Talk:Principal components analysis

From Wikipedia, the free encyclopedia


The article seems terribly cluttered. In particular, I dislike the table of symbols. Sboehringer

Contents

[edit] Question on reduced-space data matrix

The article states: and then obtaining the reduced-space data matrix Y by projecting X down into the reduced space defined by only the first L singular vectors, WL:

\mathbf{Y}=\mathbf{W_L}^T\mathbf{X} = \mathbf{\Sigma_L}\mathbf{V_L}^T

I believe that the correct formula is:

\mathbf{Y}=\mathbf{X}\mathbf{V_L} = \mathbf{W_L}\mathbf{\Sigma_L}

Can anyone verify this? —The preceding unsigned comment was added by 216.113.168.141 (talkcontribs).

Afraid not. The way things are set up in the article, the data matrix X, of size M x N, consists of N column vectors, each representing a different sampling event; with each sampling made up of measurements of M different variables, so giving the matrix M different rows.
With the reduced space, we want to find a smaller set of L new variables, which for each sampling preserves as much of the information as possible out of the original M variables.
So we're looking for an L x N matrix, with the same number of columns (the same number of samples), but a smaller number of rows (so each sample is described by fewer variables).
Matrix WL is an M x L matrix, so WL ΣL is also an M x L matrix - not the shape we're looking for. But ΣL VLT is the desired L x N shape.
Hope this helps. -- Jheald 11:02, 17 June 2006 (UTC).


Yes, that clarifies. Thanks Jheald! I thought that X row vectors were the sampling events and the column vectors were the variables -- since the definition of X is in fact the transpose of what I thought, then everything makes sense. -- 12:33, 26 June 2006

[edit] Separate articles on arg max and arg min notations

We probably need a small article on the arg max and arg min notations.

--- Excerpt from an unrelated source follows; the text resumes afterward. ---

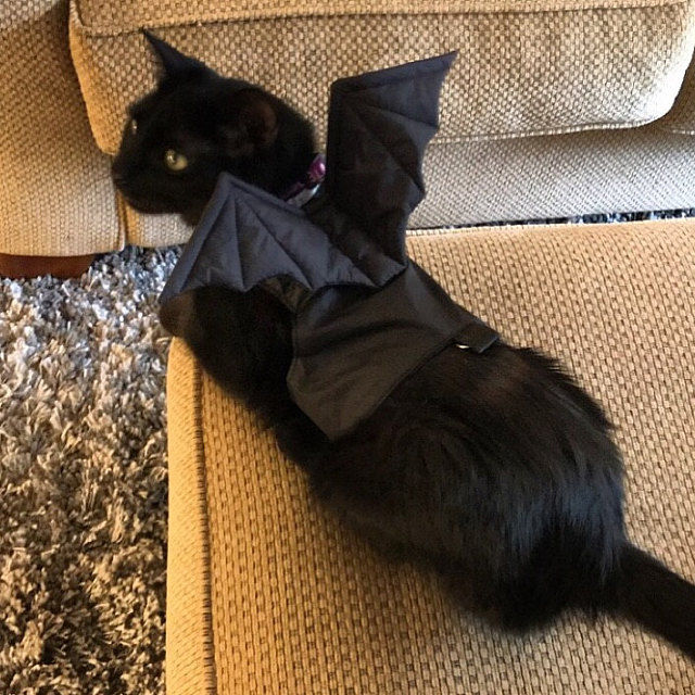 Add some whimsical fun to your cat's daily walk with the black Bat Wing cat walking jacket / harness by All Cats Good. This beautiful black cat walking jacket features detachable bat wings which allows it to double as a Halloween or fancy dress costume for your cat as well as a practical everyday walking jacket. Tailor made to your cat's precise measurements and designed with your cat's safety in mind, the harness is escape proof and easy to put on.

[edit] Missing crucial details

The article seems to be missing crucial details. I can't see where the actual dimension reduction is happening. Is the idea that you have several samples of the measurement vector x and you use these to estimate the expectations? 130.188.8.9 16:49, 20 Aug 2003 (UTC)

- There should now be a clue. However, the article still needs work

[edit] Plural versus singular title

Principle components analysis is better known as Principle component analysis (singular). This should be the main title and the plural form a synonym referring to this page (Unfortunately I do not know how to do it).

I've always heard it with the plural. I have a PhD in statistics. I'm not saying the singular could never be used, but the plural is certainly the one that's frequently heard. Michael Hardy 21:18, 22 Mar 2004 (UTC)
The only monography solely dedicated to PCA is from Jolliffe to my knowledge and is titled "Principal component analysis". The naming issue is discussed in the introduction otherwise than you indicate. Then again naming issues are conventions and vary across the globe. Sboehringer
Google says: "Principal component analysis": 103,000 hits, "Principal components analysis": 46,300 hits. MH 13:48, 25 Mar 2004 (UTC)
I have that monograph and you are correct. It seems, however, that the analysis elucidates the principal components, plural, and so unless one is only interested in one principal component at a time, the plural appears to be more appropriate.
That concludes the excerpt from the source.